General characteristics
- Type: Light vessel
- Tonnage: 257 tons
- Length: 115.93 ft (35.34 m)
- Beam: 24 ft (7.3 m)
- Depth: 10.98 ft (3.35 m)
- Decks: Wooden
- Propulsion: None

= Light Vessel 72 =

Derelict British lighthouse ship

Light Vessel 72 (also known by its identification number LV72) was a light vessel of Trinity House, a British lighthouse authority. Constructed in Sunderland in 1903 she served as a navigational beacon in the British Isles until the Second World War. From 18 June 1944, in Operation Overlord, she was positioned off Normandy to mark the mineswept shipping lanes and the approaches to the Mulberry harbours. After the war she was deployed to several stations, lastly in the Bristol Channel until sold for scrap in 1973. Saved by the intervention of a scrapyard manager, she has lain on a mud bank in Neath, Wales, since. Groups from Sunderland made proposals to return her to where she was built, but the plan was never realised.

== Construction ==
Light Vessel 72 was built for Trinity House, the General Lighthouse Authority for England, Wales, the Channel Islands and Gibraltar. Constructed in Sunderland by John Crown & Sons in 1903, she had a hull of rivetted iron plates and a wooden deck. The vessel measured 115.93 ft in length, 24 ft in beam, and 10.98 ft in depth, and had a gross tonnage of 257. For her role as a navigational aid, a tower in the midships was fitted with a paraffin lamp that could be seen up to 20 mi away. As a light vessel, she was unpowered, relying on Trinity House tenders to tow her into position where she would anchor.

== History ==
Light Vessel 72 was deployed in service in the British Isles until the Second World War. She was anchored off the Normandy coast on 18 June 1944 as part of Operation Overlord, the Allied invasion of France. Light Vessel 72 served to mark the end time of the mineswept channels on the approach to Mulberry harbours. For this deployment she was marked with the letters "JUNO" on her hull, in reference to Sea Area Juno along Normandy Landings. Another Trinity House vessel, Light Vessel 68, was deployed off the American beaches at a station known as "Kansas" but was withdrawn to the United Kingdom in November 1944.
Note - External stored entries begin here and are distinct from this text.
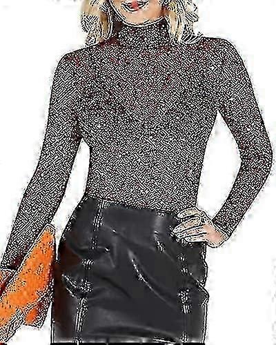 Glitter Sheer Mesh Top Women Sexy Long Sleeve Blouse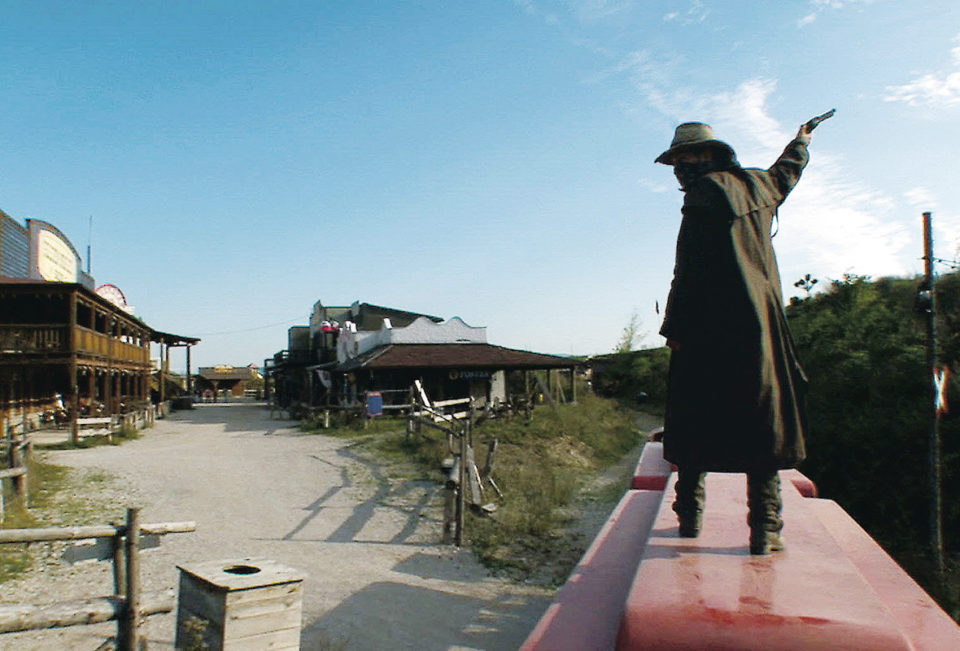 2. Der Themenpark ist eine Welt der Illusion an sich und definiert sich durch seine Grenze, zumal er als historische Kulisse eingerichtet ist. Gegen Ende des Films lässt Florian Flicker die Menschen, mit denen er zuvor vier Wochen lang in der niederösterreichischen Westernstadt gelebt hat und deren Teil er geworden ist (der Regisseur taucht immer wieder selbst im Bild auf), in einem Heißluftballon ihre kleine Welt von oben betrachten. Als Zuschauer bekommen wir diese zu Recht nicht zu sehen, denn die Illusion wäre durch den Anblick jedweder Form eines Außen zerstört.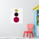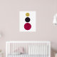 A modern, minimalist abstract art poster of three circles on a white background. The larger circle at the bottom is in a deep red with an overlaid faded effect, the circle above is slightly smaller in a deep, darl purple and the very last circle is smaller still in yellow. A lovely addition to any home.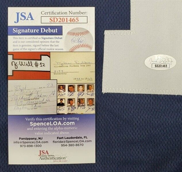 This autographed jersey has been personally hand-signed by Tyler Elsdon of the Penn State Nittany Lions. When signing, Elsdon inscribed "Linebacker U!" along with his signature.This autograph is certified by James Spence Authentication (JSA). It comes with the numbered hologram and matching Certificate of Authenticity.Custom on-field style jerseys are a more affordable option for autograph seekers. These jerseys do not have any brand name or tags and are made in the Philippines. They feature stitched on names and numbers and are made to look very similar to the on-field jerseys that the players wear. These custom jerseys are very commonly used in the memorabilia industry.

Light Vessel 72 remained on station until 27 January 1945 when she was withdrawn to Le Havre for repairs to damage caused by storms and collisions. She was placed on a new station, known as "Seine", in February but was withdrawn to Harwich, England, on 3 March after being replaced by the French light vessel Le Havre. The Allied naval commander Admiral Sir Bertram Ramsay recognised the contributions of the light vessels and associated buoys in a dispatch of September 1944 noting that "the great success achieved [in the invasion] was due in no small part to the contribution of Trinity House".
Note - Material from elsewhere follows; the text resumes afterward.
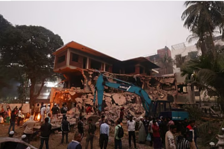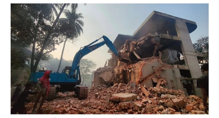 রাজধানীর ধানমন্ডি ৩২ নম্বরে শেখ মুজিবুর রহমানের বাড়িটির পেছনে (উত্তর দিকে) ছয়তলা ভবনটি ভাঙা হচ্ছে। ভবনটির ভেতর থেকে বই, স্টিল, লোহা, টিন, কাঠসহ বিভিন্ন জিনিস ভেঙে নিয়ে যাচ্ছেন অনেকে।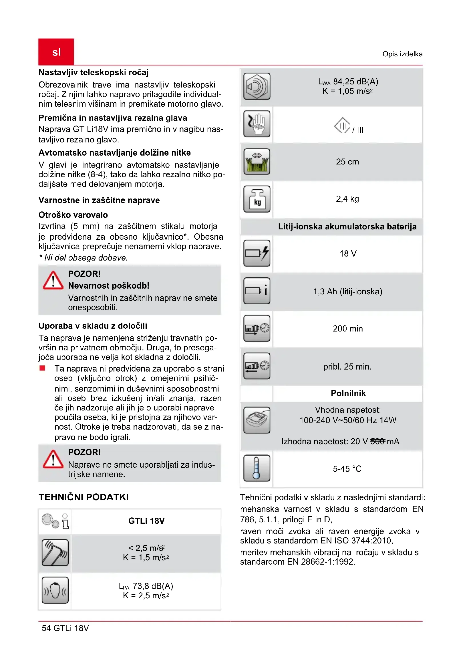 1,3 Ah (litij-ionska) 200 min pribl. 25 min. Polnilnik Vhodna napetost: 100-240 V~50/60 Hz 14W Izhodna napetost: 20 V 500 mA 5-45 °C Tehnični podatki v skladu z naslednjimi standardi: mehanska varnost v skladu s standardom EN 786, 5.1.1, prilogi E in D, raven moči zvoka ali raven energije zvoka v skladu s standardom EN ISO 3744:2010, meritev mehanskih vibracij na ročaju v skladu s standardom EN 28662-1:1992.Tehnični podatki 440084_c 55 ADVICE Navedene vrednosti so bile pridobljene s standardiziranim postopkom preiz- kušanja in jih je dovoljeno uporabiti za primerjanje različnih električnih orodij. Hkrati so te vrednosti primerne za predhodno ocenjevanje obremenitev, ki za uporabnika nastanejo zaradi vibracij. OPOZORILO! Glede na uporabo električnega orodja lahko dejanske vrednosti vibracij odsto- pajo od navedenih vrednosti vibracij. Sprejmite ukrepe za zaščito pred obre- menitvami zaradi vibracij. Pri tem upoš- tevajte celoten potek dela, torej tudi tre- nutke, ko električno orodje dela brez ob- remenitve ali je izklopljeno. Primerni ukrepi med drugim vključujejo tudi redno vzdrževanje in nego električ- nega orodja in nastavkov orodja, ohran- janje toplih rok, redne premore in dobro načrtovanje poteka dela. VARNOSTNA OPOZORILA POZOR! Rezalno orodje se po izklopu motorja še vrti. Delajte vedno v ustreznih oblačilih, nosite zaščito za oči in rokavice OPOZORILO! Nosite zaščito za sluh, da preprečite poš- kodbe sluha. Nikoli ne dovolite, da bi stroj uporabljali ali vzdrževali otroci ali osebe, ki niso ustrezno usposobljene. Lokalni predpisi lahko določajo minimalno starost upravljavcev Prekinite uporabo naprave, če so v bližini osebe, predvsem otroci ali hišni ljubljenčki. Kosite lahko samo pri dnevni svetlobi ali pri dobri umetni razsvetljavi. Pred začetkom uporabe stroja in po kakrš- nemkoli udarcu preglejte stroj glede znakov obrabe ali poškodb ter zagotovite potrebna popravila. Naprave nikoli ne uporabljajte s poškodov- animi ali odstranjenimi zaščitami. Rok in stopal nikoli ne približujte rezilu, predvsem pri vklopu motorja. Nevarnost poškodb obstaja na vsaki napravi, ki se uporablja za rezanje nitke. Po izvlečenju nove nitke stroj pred vklopom vedno držite v njegovem normalnem delov- nem položaju. Nikoli ne montirajte kovinskih rezalnih ele- mentov. Uporabljajte samo originalne nadomestne dele. Vedno odstranite akumulatorsko baterijo, ko naprava ni pod nadzorom, pred vzdrževalnimi deli, pred čiščenjem naprave, če naprave dlje časa ne boste upor- abljali. Bodite pozorni, da odprtine za zrak ne bodo umazane. Kljub tehničnim in dodatnim varnostnim ukre- pom pri delu s strojem vedno obstaja do- ločeno preostalo tveganje. Držala morajo biti suha in čista. Iz delovnega območja odstranite tujke. Izdelek uporabljajte le v tehnično brezhibne stanju Ščitniki, glava z nitjo in motor naj bodo vedno očiščeni ostankov košnje. Telo in obleko držite stran od rezil. Osebe, ki ne poznajo striženja, naj postopek vadijo pri ugasnjenem motorju. Nosite delovna oblačila, ki bodo primerna za namen uporabe. Pri delu poskrbite za stabilen položaj. Napravo vodite vedno z obema rokama. Tretjim ne dovolite v območje nevarnosti. Naprave nikoli ne pustite brez nadzora. Pri košnji na strmih pobočjih vedno stojte pod rezalno napravo. Pri delih na strminah: Nikoli ne delujejo na gladko in spolzko pobočje. Vedno pazite na varno stojo. Vedno kosite prečno ob strmini, nikoli navzgor ali navzdol. Ne kosite na strminah z vzponom večjim od 20°! Bodite posebej previdni pri obračanju!sl Varnostna opozorila 56 GTLi 18V Po stiku s tujkom: Izključite motor. Preverite, če je naprava poškodovana. Naprave ne uporabljajte, kadar ste pod vpli- vom alkohola, drog ali zdravil. Upoštevati je treba predpise za prepreče- vanje nesreč. Naprave ne izpostavljajte mokroti ali vlagi. Otroci se ne smejo približati napravam z aku- mulatorsko baterijo. Električna varnost PREVIDNO! Nevarnost pri dotikanju delov pod na- petostjo! Vtič takoj odklopite iz omrežja, če je podaljšek poškodovan ali pretrgan! Pri- poročamo priključitev preko zaščitnega FI-stikala z nazivnim okvarnim tokom < 30 mA. Hišna omrežna napetost se mora skladati s podatki o omrežni napetosti v tehničnih podatkih, ne uporabljajte drugačnega napa- janja. Uporabljajte izključno podaljševalne kable, ki so predvideni za uporabo na prostem – z minimalnim prerezom 1,5 mm

After the war Light Vessel 72 served in the Bristol Channel. She remained in service until sold for scrapping in 1973 to the Steel Supply Company in Neath, Wales. At the time of her sale she was the oldest vessel in the Trinity House fleet. The manager of the Steel Supply Company, Ian Jones, recognised her historic value and refused to break her up. The vessel has sat on a mud bank of the River Neath, adjacent to the scrapyard since. Light Vessel 72 has since deteriorated, some of its hull plates have warped, plants now grow on its deck and some of her brass fittings have been stolen. As one of the last remaining iron vessels she has historic interest and has been added to the National Historic Ships register (number 143).

In 2020 it was reported that experts who had surveyed the ship advised that the mud berth has helped to preserve its structure and only minor work would be required to float it. Although visible from a distance the ship is not publicly accessible, the adjacent land being privately owned.
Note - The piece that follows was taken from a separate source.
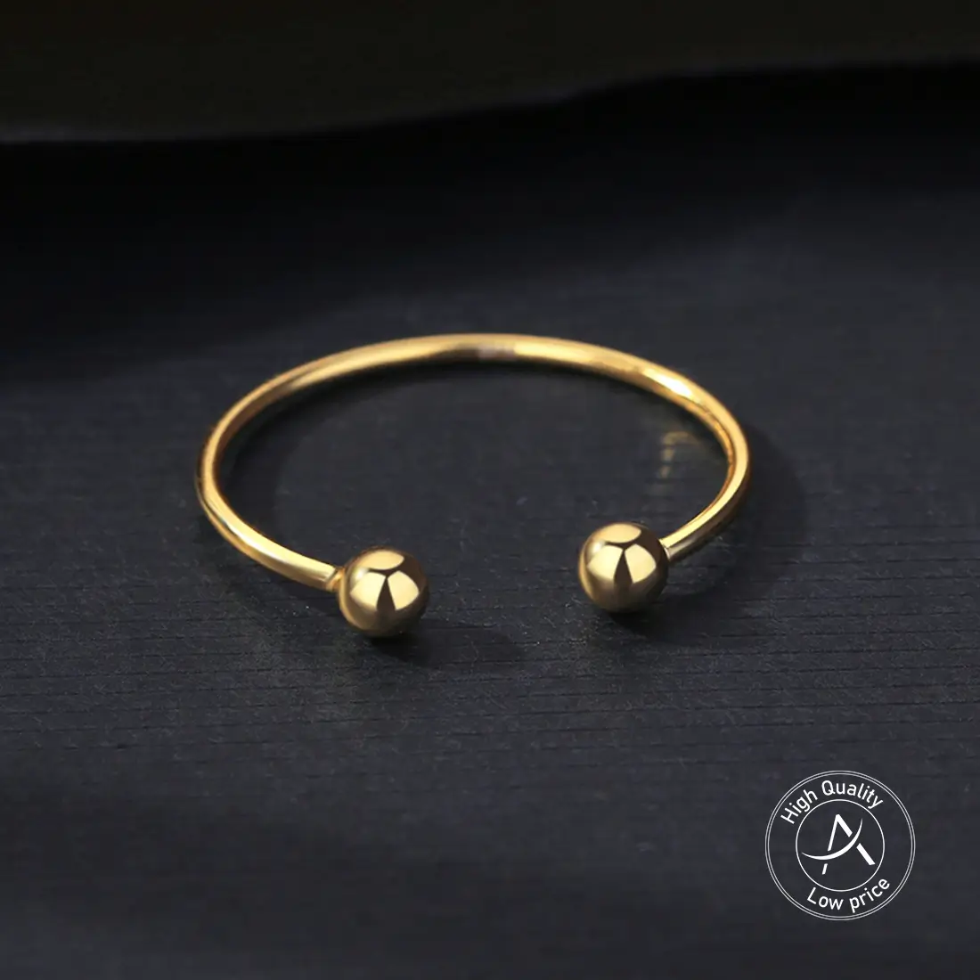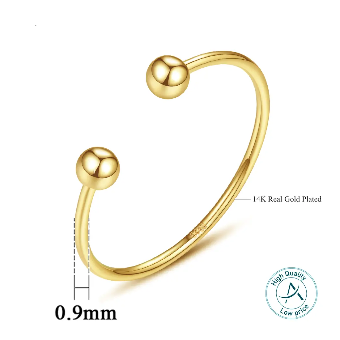 טבעת דקה כדורים מבית אמירוז תכשיטים – יצירה איכותית ומהממת. עשויה ממתכת בראס בעיצוב דק וייחודי, הטבעת מגיעה עם ציפוי זהב צהוב איכותי המעניק לה מראה בריק ומודרני.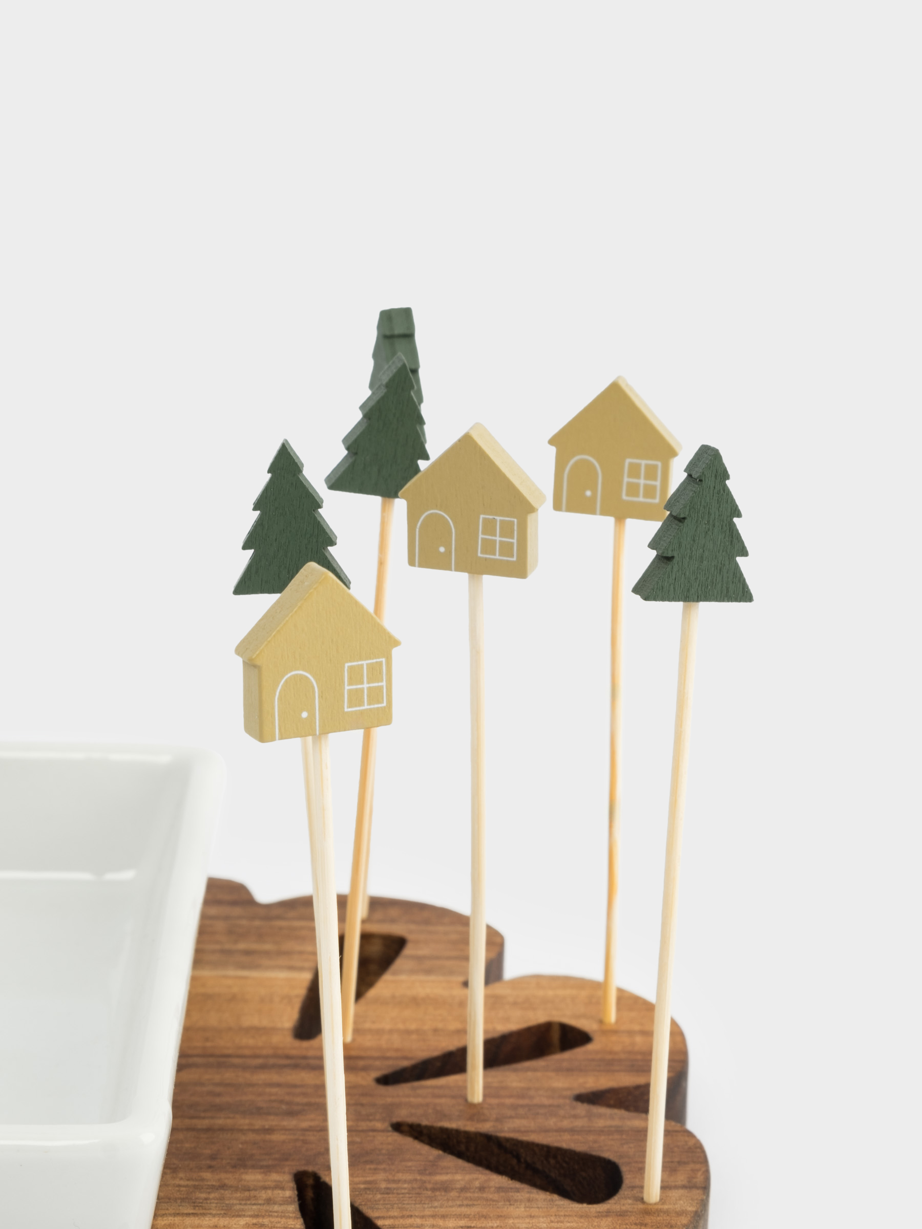Набор для закусок, 2 пр, на подставке, со шпажками, керамика/дерево, Подарок, New year

== Proposed restoration ==
Several plans have been put forward for the restoration of the vessel. At one point it was considered for conversion into a night club and at another stage was almost sold to a youth club in Marseille. In 2016 a campaign ("Save our Ship of Light") was launched to purchase and restore the ship, at an estimated total cost of £100,000, and return it to Sunderland. This was unsuccessful. The owners have indicated their asking price for the vessel is £40,000.